How does one locate an object on the night sky? • By drawing imaginary patterns on the sky (the constellations) and then locating the object relative to the stars in the constellations. • By drawing an imaginary coordinate system on the sky, then specifying the objects coordinates.
Eighty-eight constellations cover the entire sky. • 6000 stars visible to unaided eye (only half are above the horizon). • 88 semi-rectangular groups of stars called constellations. • Some stars in the constellations are quite close while others are very far away.
We use angles to denote the positions and apparent sizes of objects in the sky.
Your hand at arm’s length is about 10 degrees wide Your thumb at arm’s length is about 2 degrees wide
Coordinates are Latitude = degrees North or South of the equator Longitude = degrees East or West of the “Prime meridian” Prime meridian is historically defined as longitude of the Royal Observatory in Greenwich, England
Sky coordinate system Introduce the ‘celestial sphere’ This is an imaginary sphere drawn in space with the earth at its center. We align the sphere with the Earth.
Coordinates are: Declination = degrees North or South of the equator.
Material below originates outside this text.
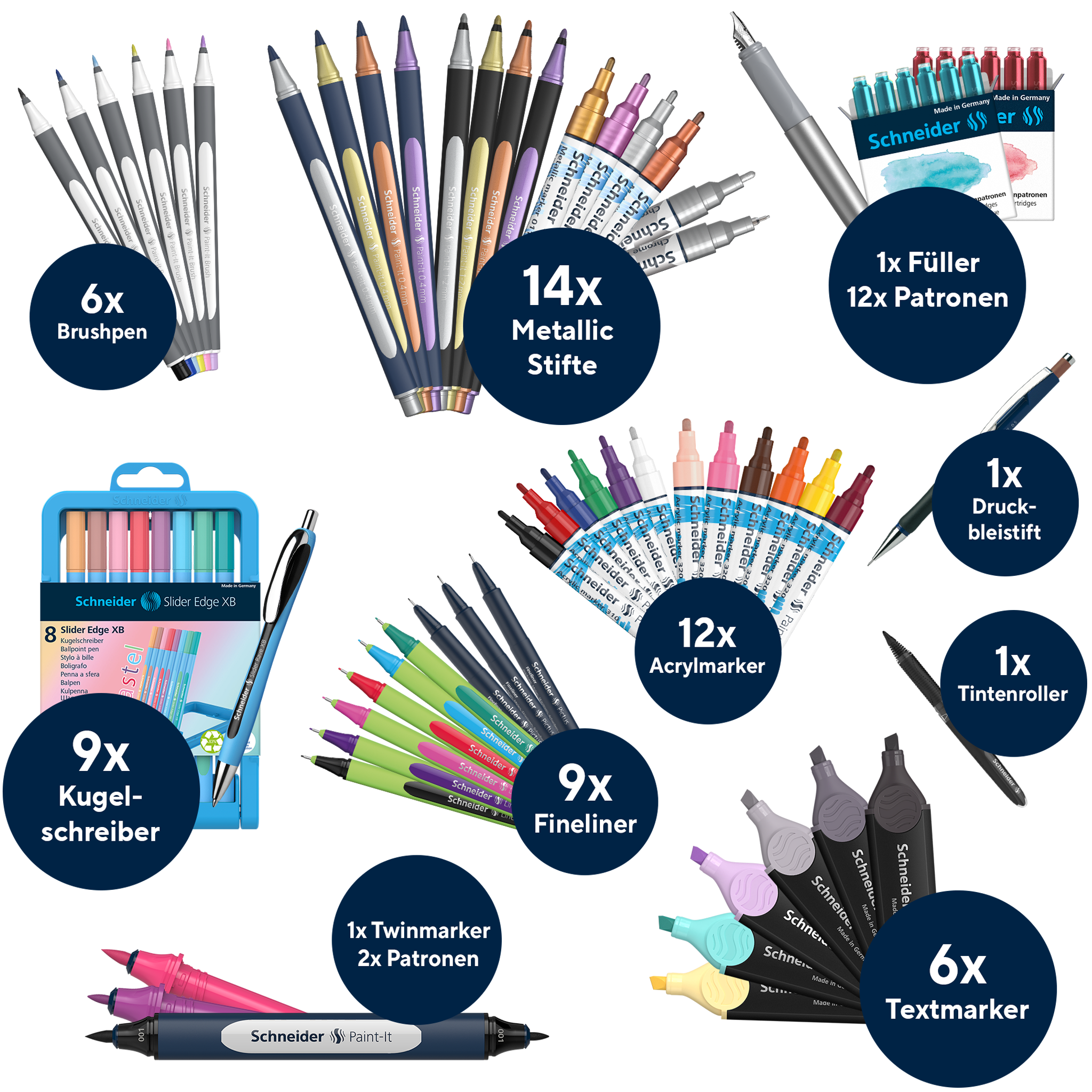 - Enthält Kugelschreiber, Füller, Textmarker, Fineliner und Marker

Right ascension = hours (or degrees) East of the “Vernal equinox”. Vernal equinox is defined as the position of the Sun on the first day of spring. Note it is a point on the sky, not the earth.
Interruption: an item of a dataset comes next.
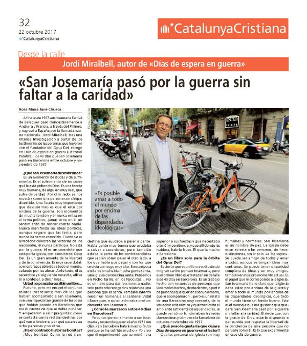 A finales de 1937 san Josemaría Escrivá de Balaguer pasó clandestinamente a Andorra y Francia, a través del Pirineo, y regresó a España por la llamada «zona nacional». Jordi Miralbell, tras una intensa investigación a partir de los testimonios de las personas que huyeron con el fundador del Opus Dei, recoge en Días de espera en guerra (Editorial Palabra), los 40 días que san Josemaría pasó en Barcelona entre octubre y noviembre de 1937.

Precession • If you spin a top, its very hard to get it to spin exactly straight – usually it wobbles around in a circle • The spinning Earth wobbles in exactly the same way – this is called precession
Precession of the Earth Precession causes celestial coordinates to change slowly with time. When observing, one must have coordinates for the correct epoch.
Angular Measure for Small Angles 1º = 60 arcminutes = 60′ 1′ = 60 arcseconds = 60″ e.g., On January 1, 2004, the planet Saturn had an angular diameter of 19.7″ as viewed from Earth.
Coordinates • Right Ascension hours:minutes:seconds • There are 24 hours in 360°. • Declination degrees:arcminutes:arcsecond • 1º = 60′, 1′ = 60″ • Polaris: RA = 02h31m49s, Dec = 89°15′51″ (J2000) • Sirius: RA = 06:45:09, -16:42:58 (J2000) • Sirius lies in Southern hemisphere, but is visible from Iowa. • Stars visible from Iowa have Dec > 41.7° - 90° = -48.3°.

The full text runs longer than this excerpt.